Category Archives: Cloud Event Processing

Writing Bad Code in Map/Reduce

In the Twitter project we’ve been working on, one of the map’s we’re running breaks the text of a Tweet down into words.  Because we can’t assume that any data will be available for access via a database, etc, we attach a couple of values that we’re interested for later analysis to the word, attach a 1, and emit the tuple.  This is an example of what the tuple looks like:

"TimeZone", "Location", "ScreenName", "Word", 1

This map is produced from a tweet that contains many words, so, crunching the Tweet down will result in many of the above values being duplicated.

"TimeZone", "Location", "ScreenName", "anotherWord", 1
"TimeZone", "Location", "ScreenName", "yetAnotherWord", 1
"TimeZone", "Location", "ScreenName", "Word", 1
"TimeZone", "Location", "ScreenName", "Word", 1

But if you notice, there’s a way to compress this a bit. On of the problems with map/reduce (maybe not a problem, but a caveat) is that it’s quite easy to swamp the network. In the example above, we’ll be emitting a tuple (the tuple is slightly longer in production) and repeating information for each word.

What if instead, we used an associative array when crunching down the tweet. For example, after crunching the data above, our data structure would look something like:

"TimeZone", "Location", "ScreenName", {word, 3, anotherWord, 1, yetAnotherWord, 1}

By attaching an associative array of words and their count to the result in the map we dramatically decrease the amount of data being moved around. This reduces both the storage required (if you’re doing old fashioned Hadoop) but more importantly, the network traffic if you’re doing streaming map/reduce.

Of course, this means that the reduce function needs to be aware that it’s getting more than the simple string emitted in our first example, but we’ve saved a lot of bandwidth in the process.

Building a Private Cloud (IaaS)

Cloud Defined (IaaS or Infrastructure as a Service)

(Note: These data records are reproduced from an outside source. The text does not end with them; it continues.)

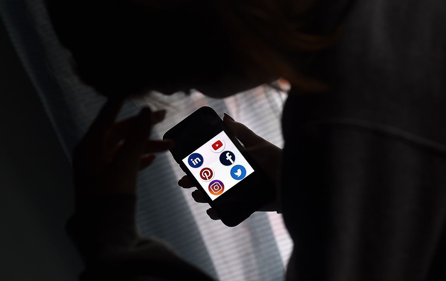 Social media application logos from Linkedin, YouTube, Pinterest, Facebook, Instagram and Twitter displayed on a smartphone in Arlington, Virginia on May 28, 2020. Photo: Olivier Douliery/ AFP
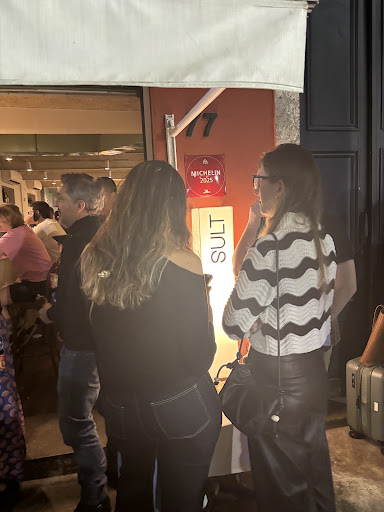 My partner and I were fortunate enough to dine at this restaurant as walk-in customers and the wait was short, which I attribute to the time because the line was very long when we departed the restaurant. The restaurant was full during our time at the restaurant and tables quickly filled up as people departed. Clearly, adult is popular. The restaurant felt like any nice and trendy restaurant in New York City. It had a modern, trendy city vibe full of well dressed people of means. It felt slightly pretentious but not stuffy and outright exclusive. The vibe was a mix between established artsy-type people, influencer types with plastic surgery, yuppy couples/families, and people who didn’t appear to put on airs. The overall vibe is young, metropolitan, stylish, and upper class.
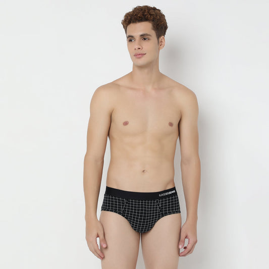 UnderJeans by Spykar Men Basic Dark Grey Checks Ultrasoft Briefs
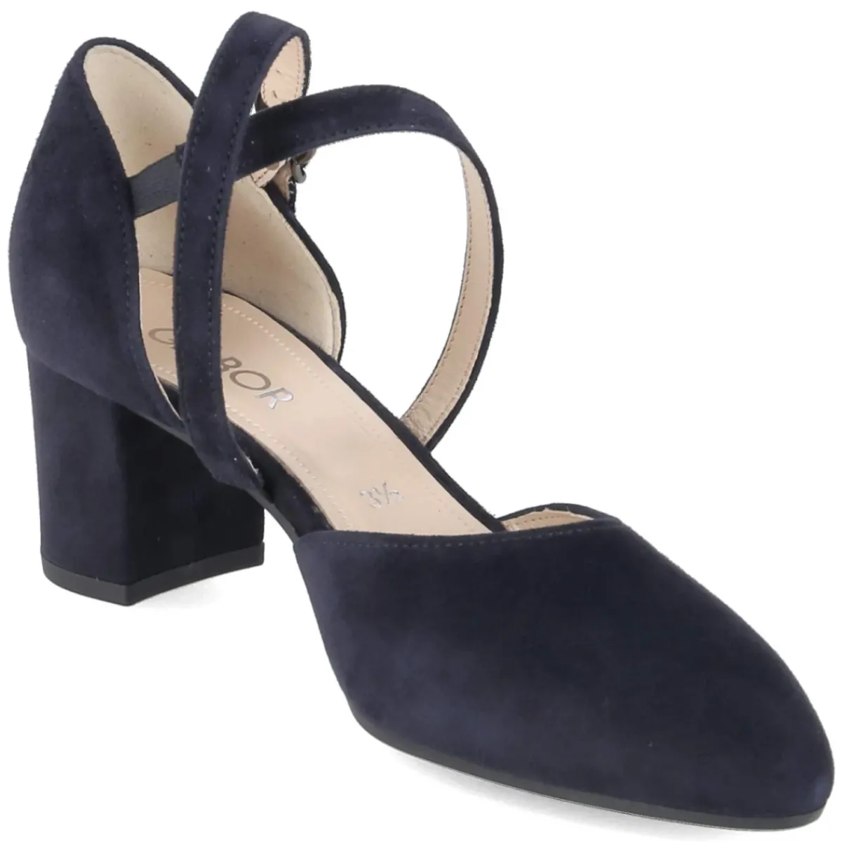 Gabor Pumps in Dunkelblau vereinen Eleganz und Komfort. Das Obermaterial aus feinem Rauleder zeigt eine samtige Oberfläche, die den spitzen Leisten edel unterstreicht. Gekreuzte Riemchen mit Elastikeinsatz schmiegen sich über den Spann und schließen über eine Schnalle mit Druckknopf, wodurch der Einstieg bequem und der Halt zuverlässig bleibt. Für langes Tragen sorgt ein weich gepolstertes Fußbett in Kombination mit einer atmungsaktiven Decksohle aus Leder. Die flexible, rutschfeste Laufsohle unterstützt jeden Schritt, während der 6 cm hohe Blockabsatz die Silhouette streckt und dennoch stabil wirkt. Der Größenhinweis fällt normal aus, was die Wahl erleichtert. Modetipp: Zu einem fließenden Midikleid oder einer Marlenehose in Navy harmonieren die Pumps besonders gut; ein heller Trenchcoat setzt dazu einen feinen Kontrast.
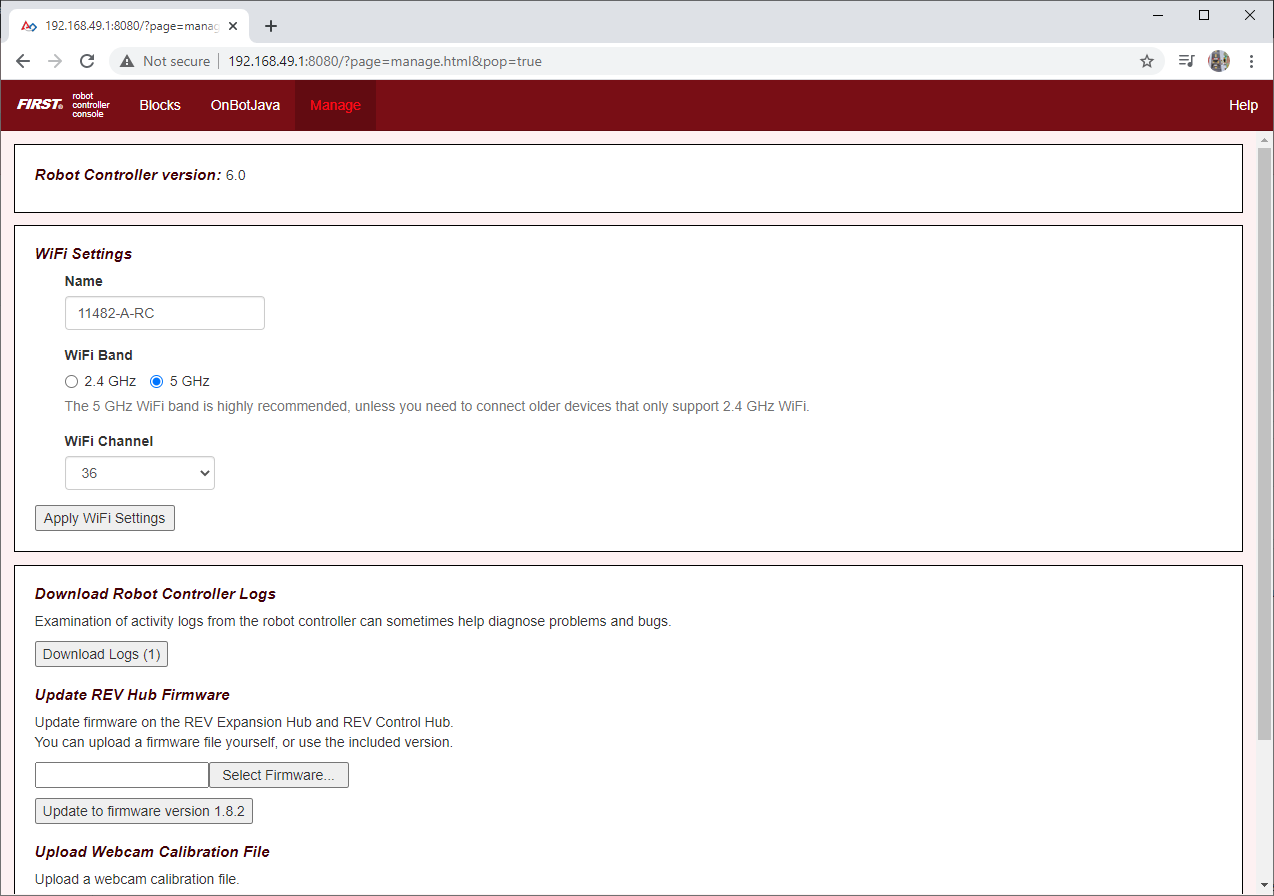 Once you have the file downloaded to your laptop, you need to upload it to the Robot Controller. Connect your laptop to your Robot Controller's wireless network and navigate to the "Manage" page of the system:
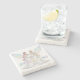The coasters are gorgeous, a quality feel and heavy weight. They look like a precious archeological find. A rustic stone juxtaposed with a modern floral black and white print. I like the way the print goes slightly imperfect on the cut stone edges giving them a kind-of natural beauty.
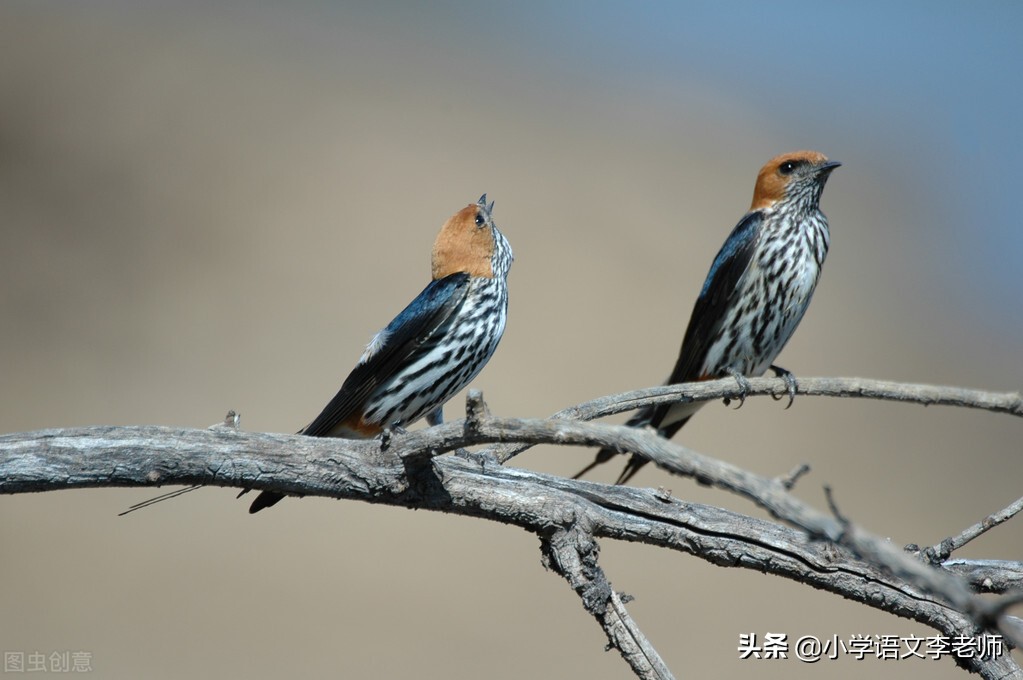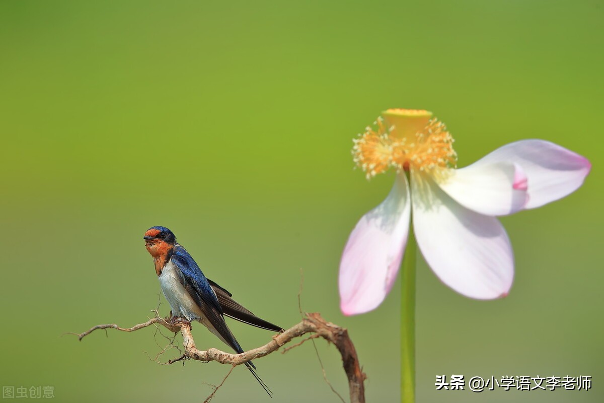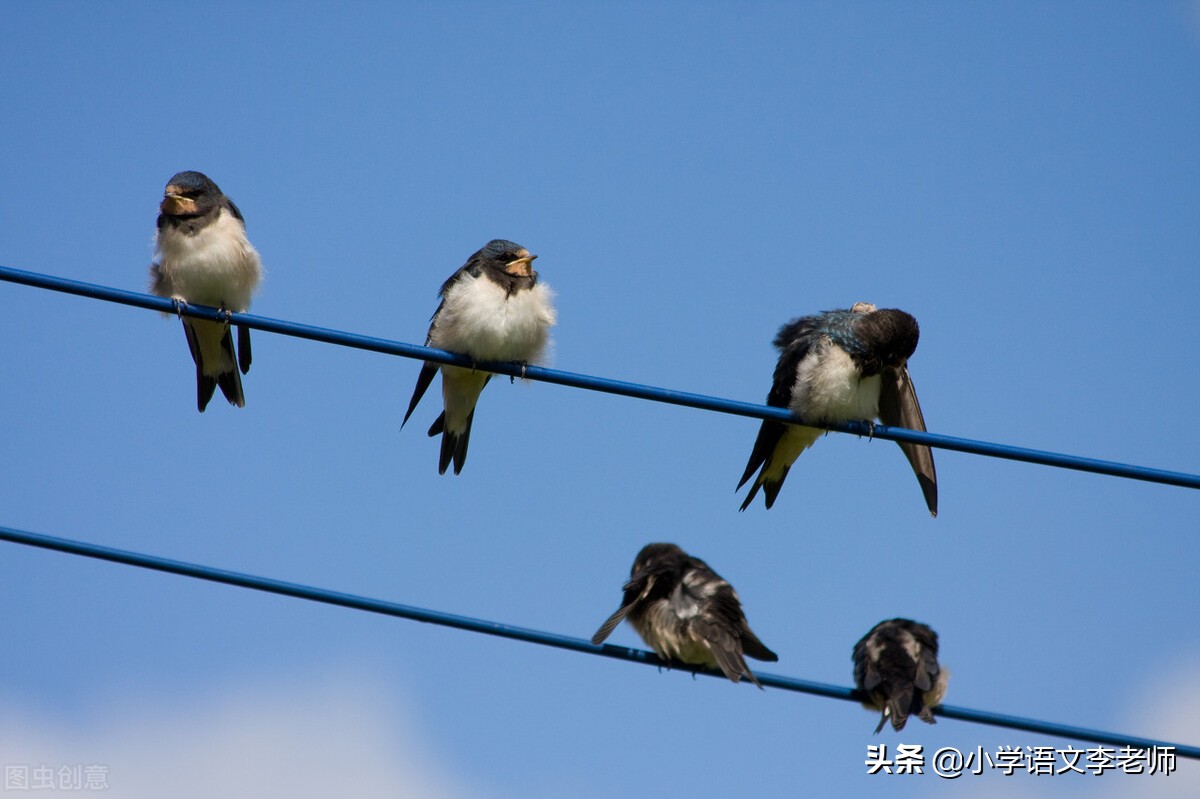 “嫩蓝的春天,几支木杆,几痕细线”构成了旷远的背景,“几个小黑点”则是这幅画的主角,描绘了一幅恬静、悠闲的画面。“多么有趣的一幅图画呀!”表达了作者赞美春天、喜爱小燕子的情感。

I was speaking with a company last week that would like to get into cloud event processing.  For the sake of discussion, I’m going to define ‘cloud’ as the ability to dynamically, and upon demand, use more or less compute, storage, or network capacity.  This is often referred to as ‘elasticity.’  I’m also going to add a few other requirements; this cloud must be able to:

  1. Host operations for a number of customers, all accessing the same data, but in different ways,
  2. Provide access to a lot of big data (see #3 – it’s all stored too),
  3. Able to handle messages rates approach 1MM per second (yes, that’s a million messages per second),
  4. Do something with those messages before storing them (in fact, we’re not even worried about storing them),
  5. And while we’re doing something with those messages, relate them to previously stored messages.

Cloud Event Processing Defined

And I’m going to define cloud event processing as, ‘using many varieties of event processing; including complex event processing (CEP), map/reduce, and event, or message, driven agents to process events.’  Using DarkStar, we’re able to deploy these various forms of event processing without regard for underlying storage, compute or network – the event processing services are simply deployed and begin processing; if a particular service needs more resources, it asks for them and when it receives them, it uses them.

Private Cloud Defined

It’s a private cloud when you deploy the above (Iaas) internally.  It’s a public cloud when it’s deployed publicly, and it’s a hybrid cloud when it’s deployed both privately and publicly.

Data Affinity

The large amount of inbound network bandwidth that would be required to get this particular cloud off the ground and into the sky already makes hosting with Amazon or Rackspace more than a ‘sign up with a credit card’ process.  Having the elastic resources available to each customer of our customer makes things even more difficult.  See, our customer has 100′s of customers who want to do something with this data.  And each one of those customers will need access to both the old data, and the streaming 1MM messages per second.  Without creating a separate physical footprint in a cloud provider, it would be very difficult to solve this problem.

Buy vs Build

The more things change, the more they stay the same.  So, now we’re involved in the old, ‘how much to build vs buy?’ process.  The thing is, this company has the skills to run their own cloud so we’ll most likely start with a proof of concept and then grow it.  We’re cloud seeding at Cloud Event Processing!

The Test Platform

Our recent work with Twitter will be our first deployment in this cloud infant.  Using DarkStar, we’re able to analyze the Twitter feed to sense and respond to opportunities and threats.  This relatively simple project includes components of event driven agents, NoSQL storage, CEP sliding windows & aggregation, visualization, map/reduce and analytics.  (For those of you who’ve been reading all along, you’re asking, ‘analytics?’-we didn’t see any of those Colin! – and you’re right, you didn’t – we’ll share those when we’re ready.)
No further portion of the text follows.